TASK GOAL:
Restate all of the following data exactly, keeping any images out of the copy.

DATASET SECTION:
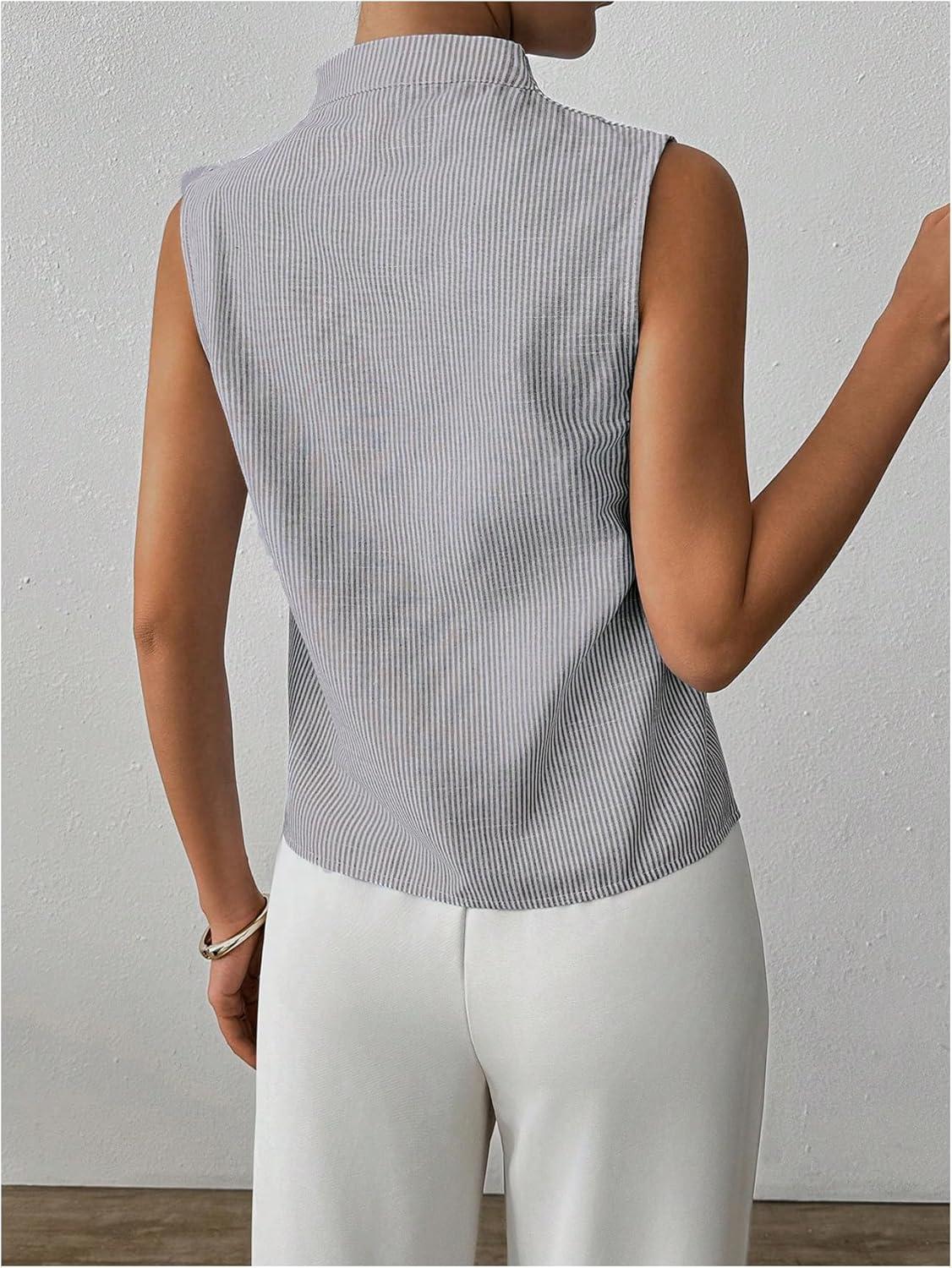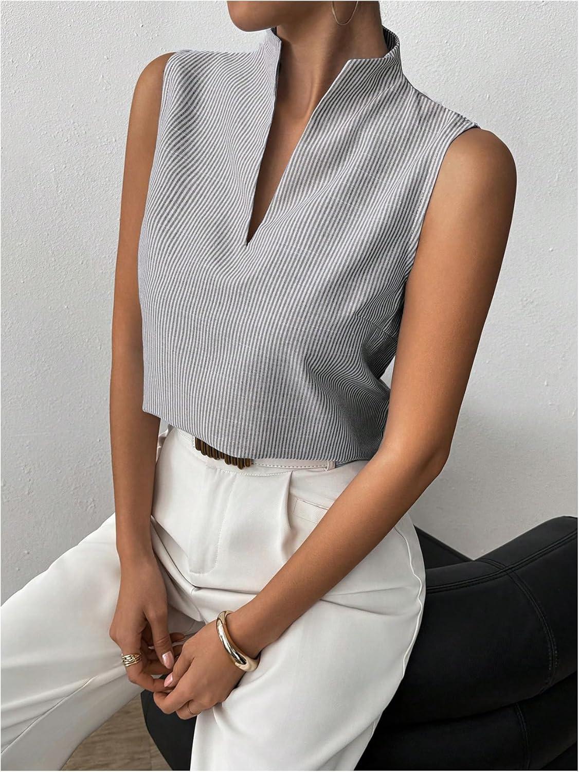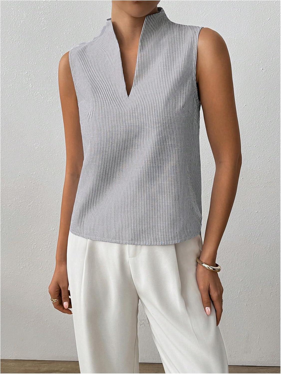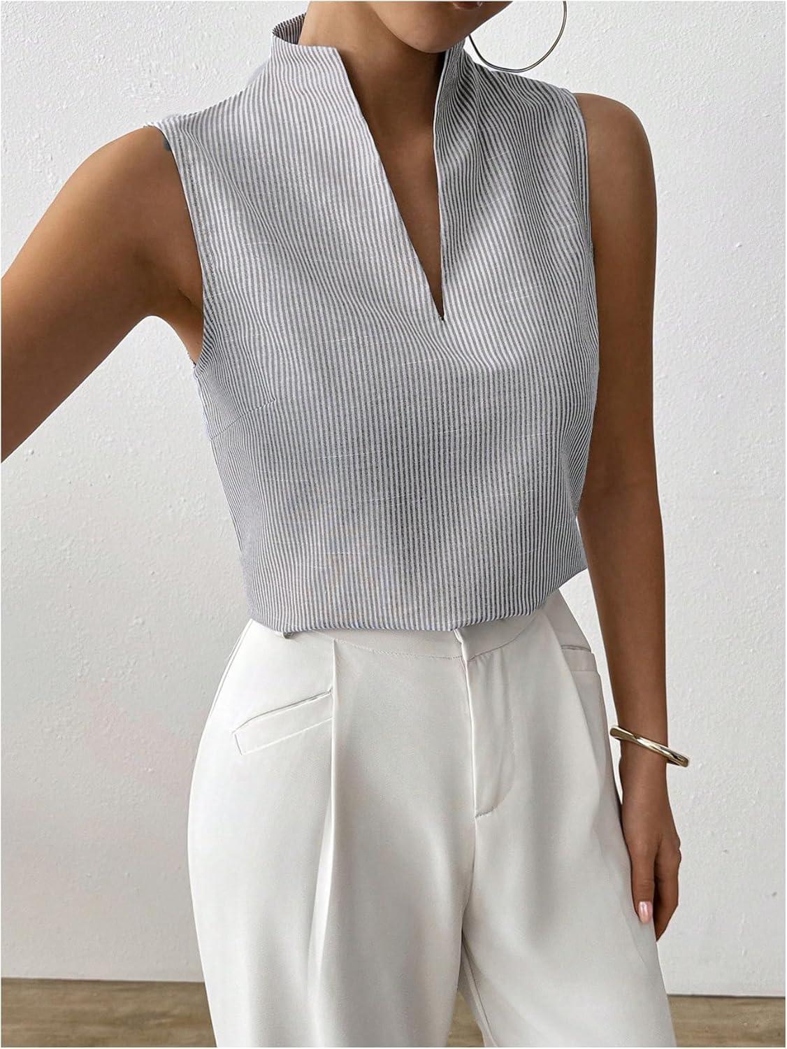 SOLY HUX Women’s Work Outfits V Neck Sleeveless Blouses Summer Casual Tank Tops Business Office Dressy Striped Shirts(Blue White Striped)
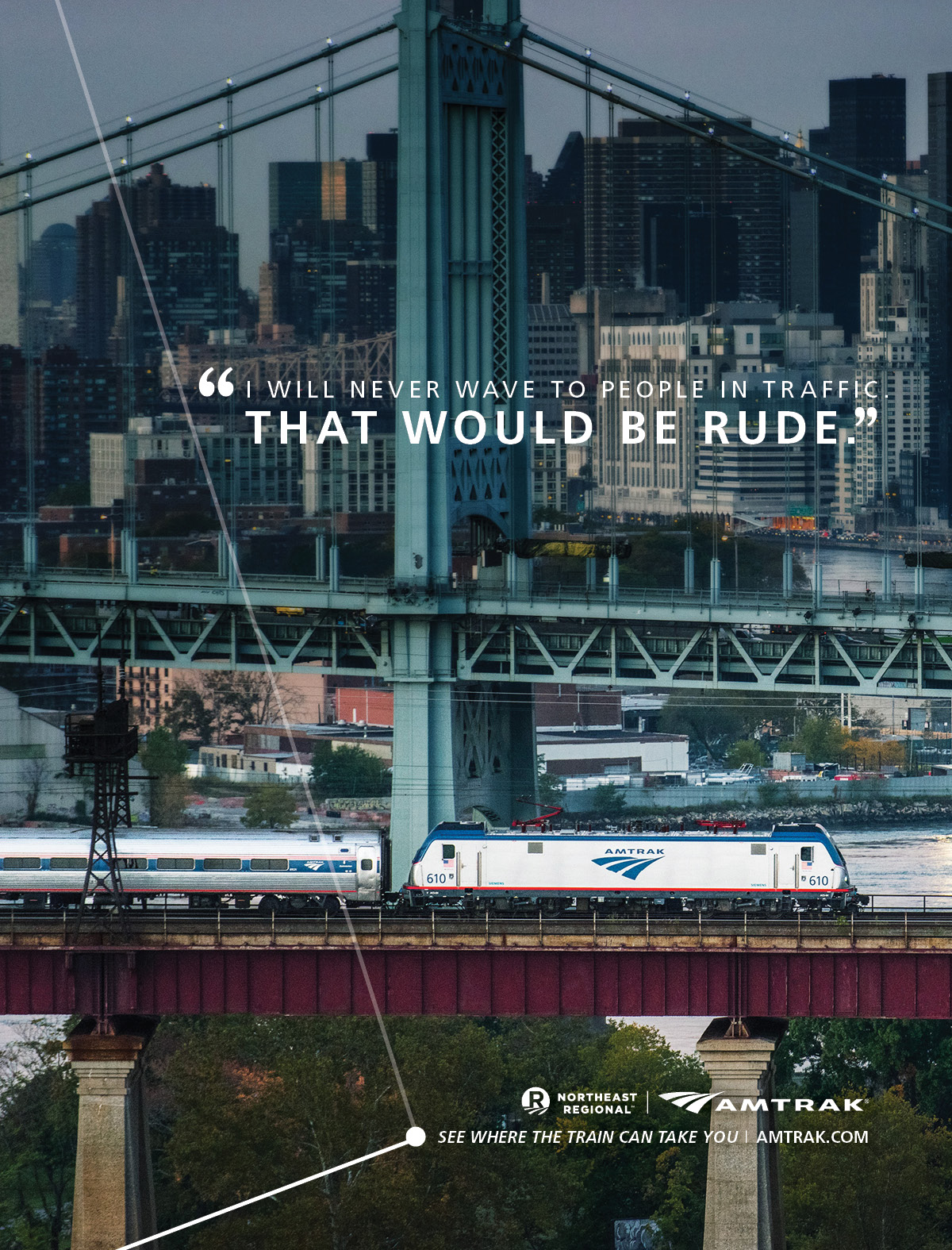 This is the first branding campaign Amtrak has done in 15 years. It plays off of the uniqueness of train travel, the 500 destinations Amtrak serves and the infinite stories told by the passengers. All communications feature the new tagline, “See where the train can take you.”
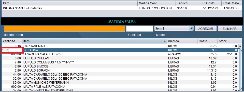 - En la siguiente pantalla, coloque la cantidad y el producción que se va a filtrar, y luego clic en AGREGAR
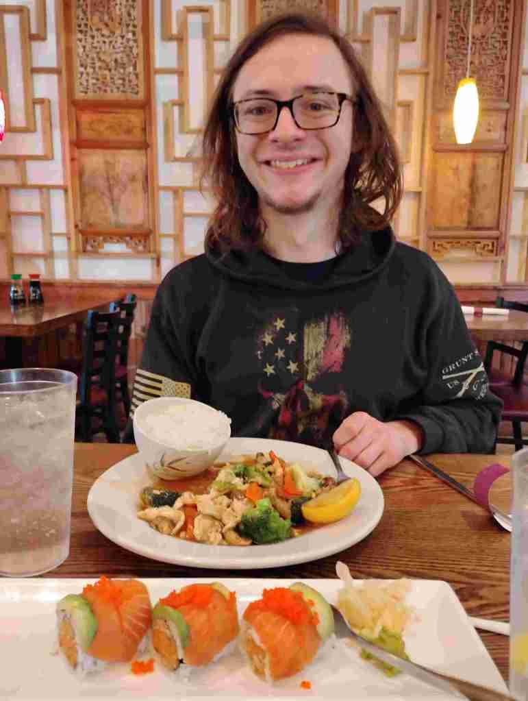 Grandson David kept himself in the background while all the company was here. That was true of texting from daughter Kate and son John $, too. I appreciated being free to concentrate on people in the house. David and I went to Watami Noodle later in the week.

ANSWER SPACE:
 SOLY HUX Women’s Work Outfits V Neck Sleeveless Blouses Summer Casual Tank Tops Business Office Dressy Striped Shirts(Blue White Striped)
 This is the first branding campaign Amtrak has done in 15 years. It plays off of the uniqueness of train travel, the 500 destinations Amtrak serves and the infinite stories told by the passengers. All communications feature the new tagline, “See where the train can take you.”
 - En la siguiente pantalla, coloque la cantidad y el producción que se va a filtrar, y luego clic en AGREGAR
 Grandson David kept himself in the background while all the company was here. That was true of texting from daughter Kate and son John $, too. I appreciated being free to concentrate on people in the house. David and I went to Watami Noodle later in the week.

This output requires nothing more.